If you don't waste, the way I don't waste, you can complain as much as you like about eating food off the floor and, in the eternally echoing words of Bob Dylan, "scrounging for your next meal." Now I'm off to search for a snack under the couch cushions.
8 Comments:
Welcome to Western Civilization.
"Back in Soviet Russia", (I love writing sentences that start with that. It automatically catches everyone's attention and makes whatever follows it seem automatically cool and profound. Like - WOW this guy is gonna bring us unique and kooky experiences from behind the Iron Curtain. You know - that place where things do you, and you have to dodge giant tetris blocks falling on you - tossed from the sky by the Party Leadership. Where you own everything and nothing at the exact same time. The land of beatiful paradoxes. And it's usually true. But I clearly digress.)
Back in Soviet Russia, if any food gets WITHIN a month of the expiry date, it's time to toss it no matter how little food you got. Starvation is a painful thing but what's the use of eating anything if you're gonna just throw it all up anyway and get salmonella to boot. This applies to everything. Eat things as fresh as possible, and cook the shit out of everything else. When I came to Canada for the first time, I always ate steak WELL DONE. My parents still do. They want it burnt to a crisp. It took me almost a decade to go all the way down to Blue Rare, and now I know just how delicious animal blood really is. Russia has changed in many ways but if I was a betting man, I'd still put money down that unless you buy food at ridiculously over-priced stores catering to the new Russian oil billionaires, you STILL need to be more careful with food than you would be with radioactive plutonium rods.
Not so in the West. A day overdue? A Month? Even a YEAR (i've eaten food that past overdue). MOST of the time you'll be just fine. Expired food is a-okay. It's an excellent feature of living in democratic capitalism. They should put it in the brochure.
I'm so proud!
Also, any of my friends you haven't met will instantly ask you if you're related to me if you ever meet them, I'm sure, as long as there's the averted potential for food wasteage(sp?).
so this is what you're doing when you really ought to be studying...

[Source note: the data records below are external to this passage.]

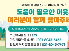 뉴스팍 배상미 기자 | 안양시는 한파와 지속된 경기 침체에 대응해 오는 3월까지 복지서비스 접근이 어려운 취약계층을 적극 발굴하고 지원하는 ‘겨울철 복지위기가구 집중 발굴 기간’을 운영한다고 6일 밝혔다. 이번 집중 발굴은 단전·단수, 실직, 휴폐업 등과 같은 위기 징후가 있는 가구, 고독사 위험이 높은 1인 가구, 저소득 장애인 가구 등이 대상이며, 위기가구를 선제적으로 찾아내고 실질적인 지원을 연계하는 데에 중점을 두고 있다. 시는 안양시무한돌봄센터, 안양시복지콜센터, 각 동 행정복지센터는 물론 명예사회복지공무원, 삼천리 등 민간 협력기관 등과 함께 위기가구를 발굴할 계획이다. 발굴된 위기가구에는 긴급복지 및 기초생활보장제도의 공적서비스를 통한 생계비 및 주거지원, 일상돌봄 지원 등의 맞춤형 복지서비스를 신속하게 제공하고 어려움이 해소될 때까지 사례관리할 계획이다. 특히, 독거노인 등 취약 어르신에게 노인맞춤형돌봄서비스를 안내 및 지원하고, 응급안전안심장비 및 고령자스마트 안심서비스 설치 등을 연계할 계획이다. 시 관계자는 “겨울철은 한파 등으로 대외 활동이 줄어들면서 고립되거나
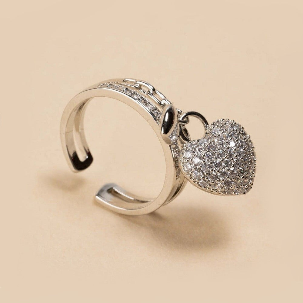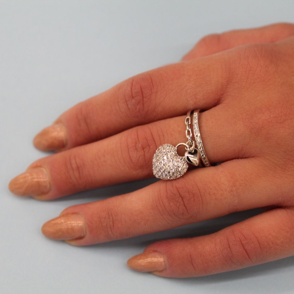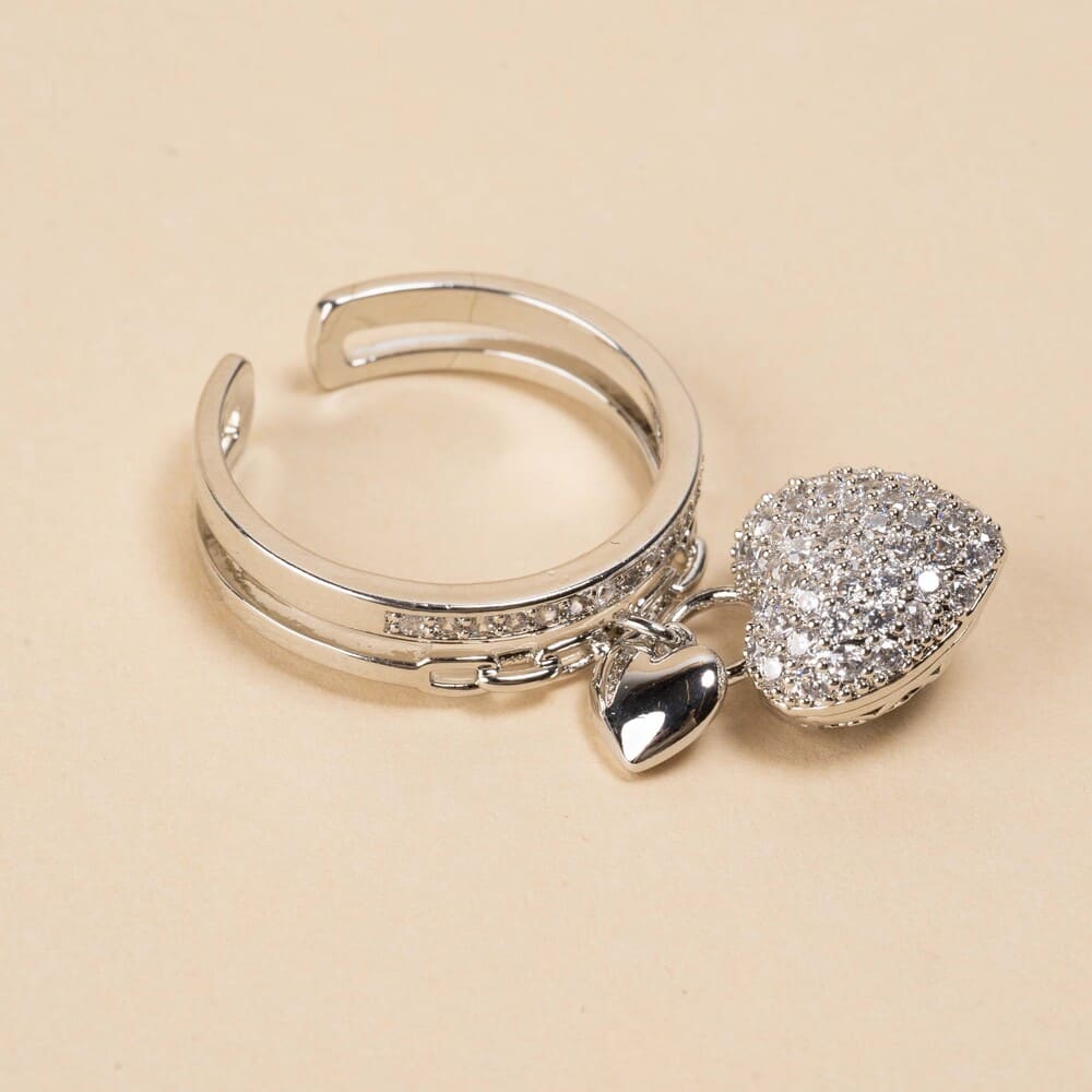 Anello della collezione "Love" di David Jewels, realizzato in ottone placcato in Argento e con cuore pendente impreziosito da Swarovski.
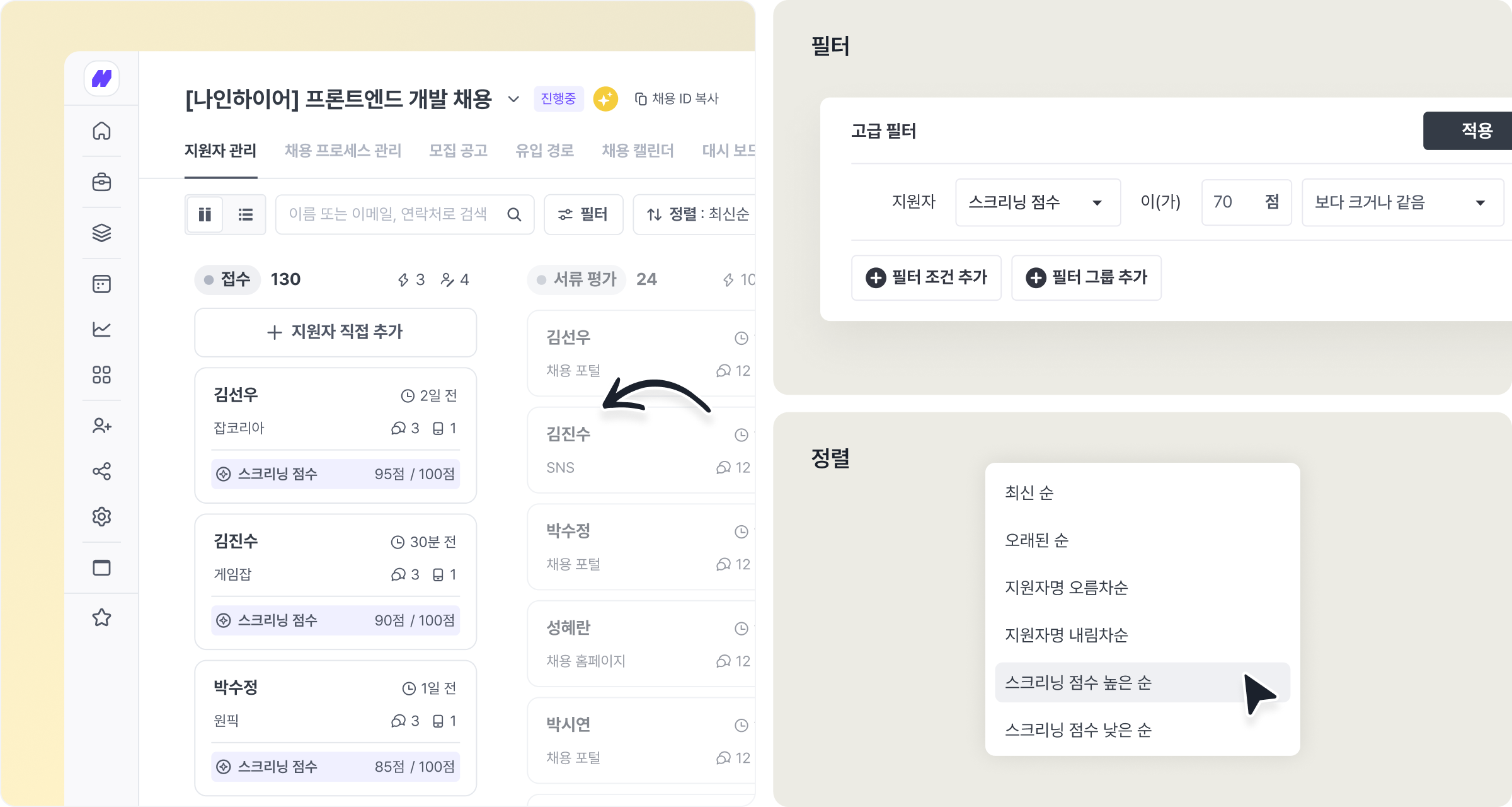 지원자 스크리닝 점수에 따른 정렬, 필터링, 자동화
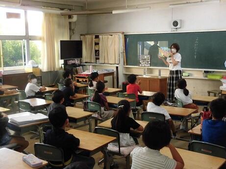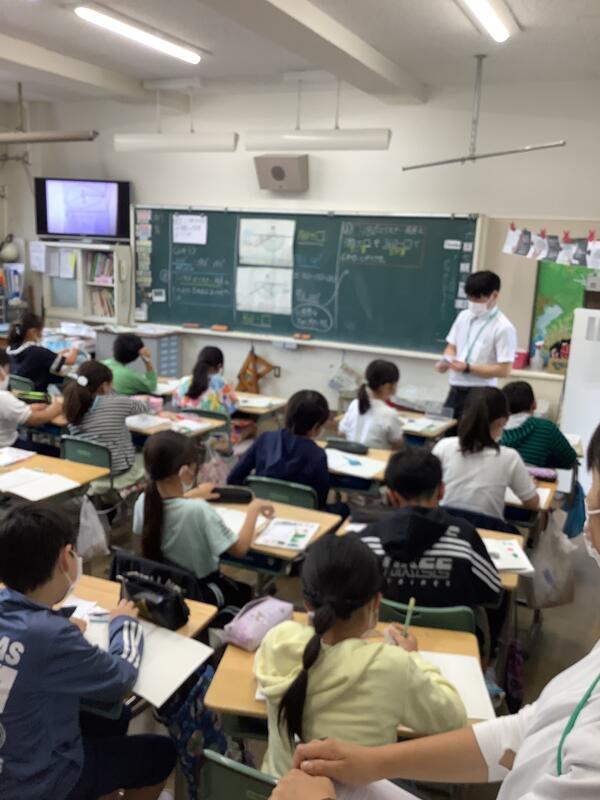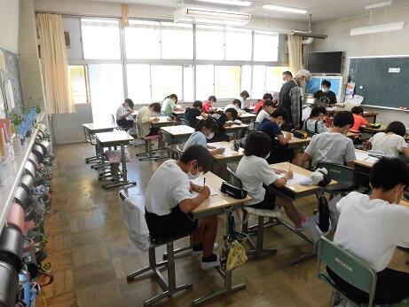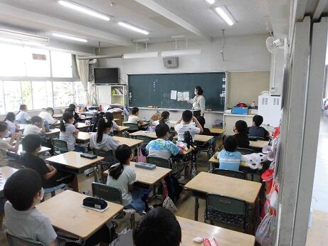 4年2組での教育実習をしていた先生が間もなく4週間の実習期間を終えられるということで、今日は精錬授業ということで研究授業を行い、校内の先生方が参観して授業についての検討をしました。
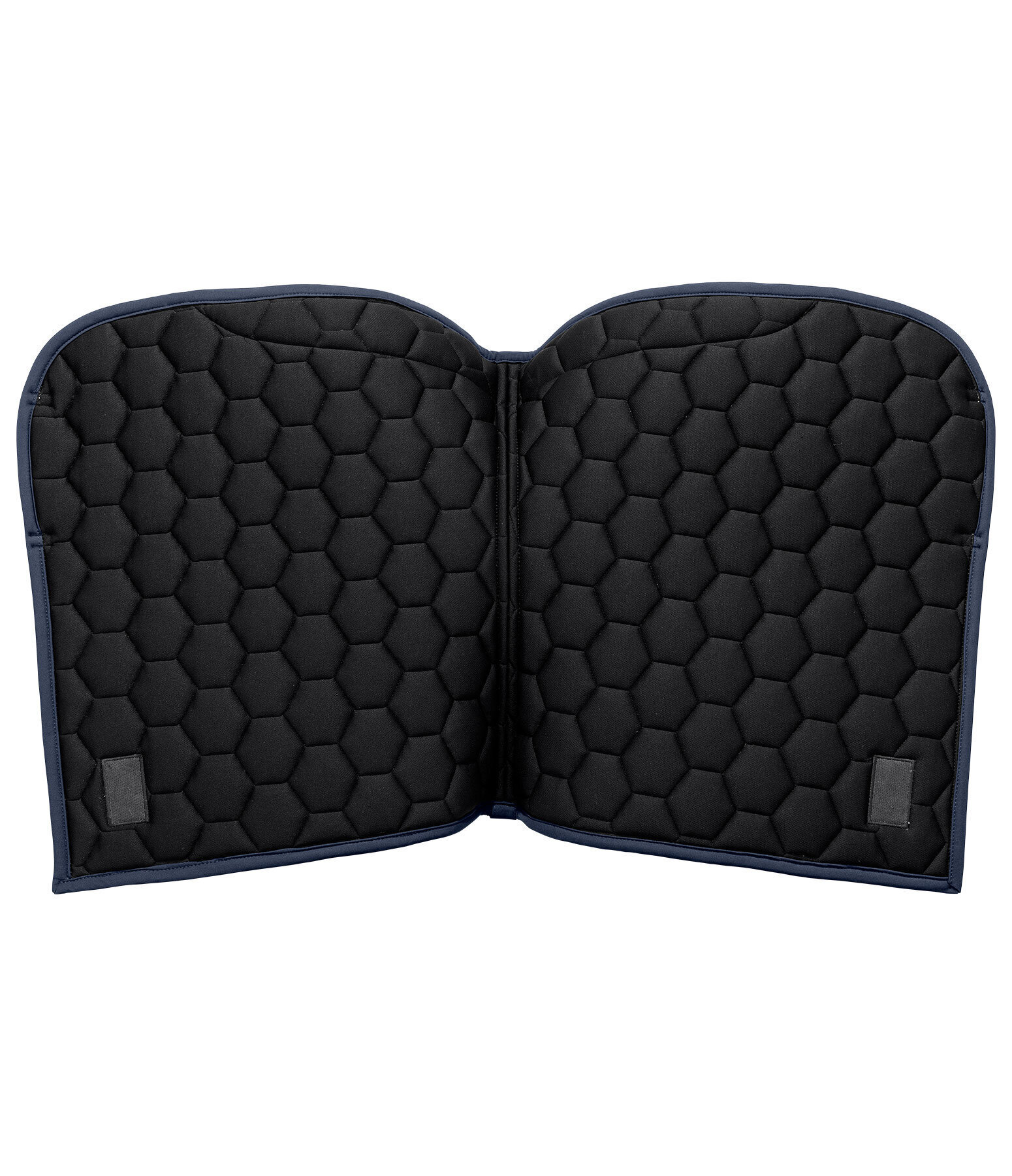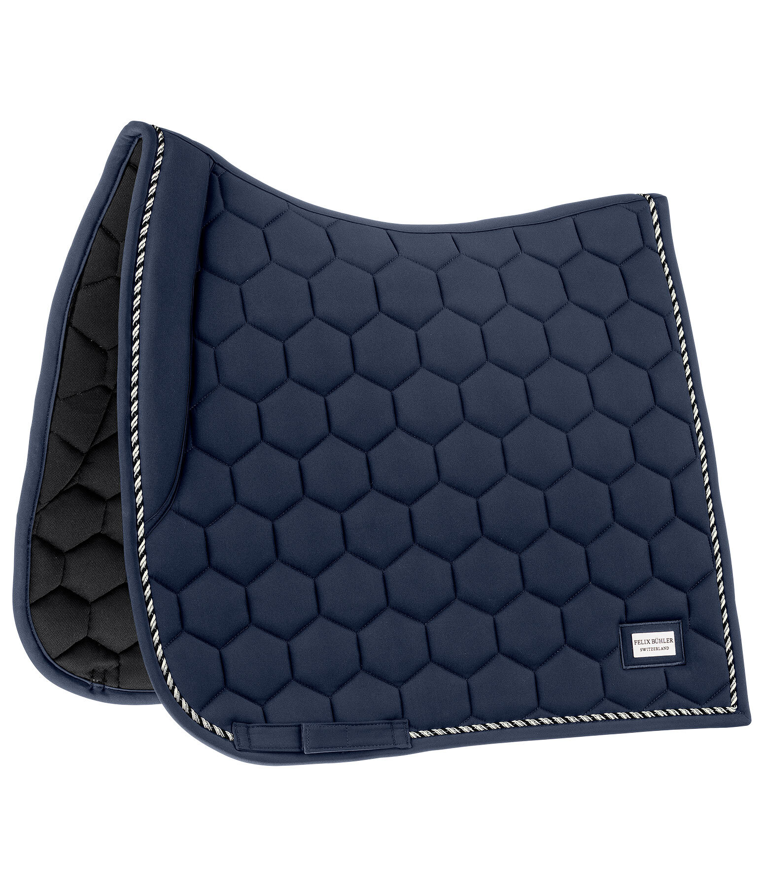 Tapis de selle avec rembourrage à l'avant permettant de garder la selle en place sans passants de contre-sanglons. Coupe sportive avec angle droit et surpiqûre en losanges. Dessus en matière lisse anti-salissures, cordon décoratif de couleur assortie et plaque logo métallique classique. Passants de sangle avec patte auto-agrippante pratique. Dessous en Air mesh respirant et absorbant l'humidité. 100 % polyester.

hey chris, yeah I did write it, and thanks :) I have mr holowka (peter holowka...) as an english teacher and I've already sent it in, but mom said he wouldn't know the difference lolz
love you lots! awesome photos! I like the one where you're smiling after eating the chips or w,e hehe, you're handsome in it, and you look sooo much older! gurr...
I miss you!
mmm delicious old food. Excellent choice of dining!
You know, the only thing that bothered me was the milk. I mean, was the milk refrigerated?!?!
DC
How many hours did you spend in the washroom? lol
Uh... the normal time? I may not have made it clear, but I felt no ill effects from eating some old food. Old snack food doesn't give you food poisoning, rotten meat and other such things do.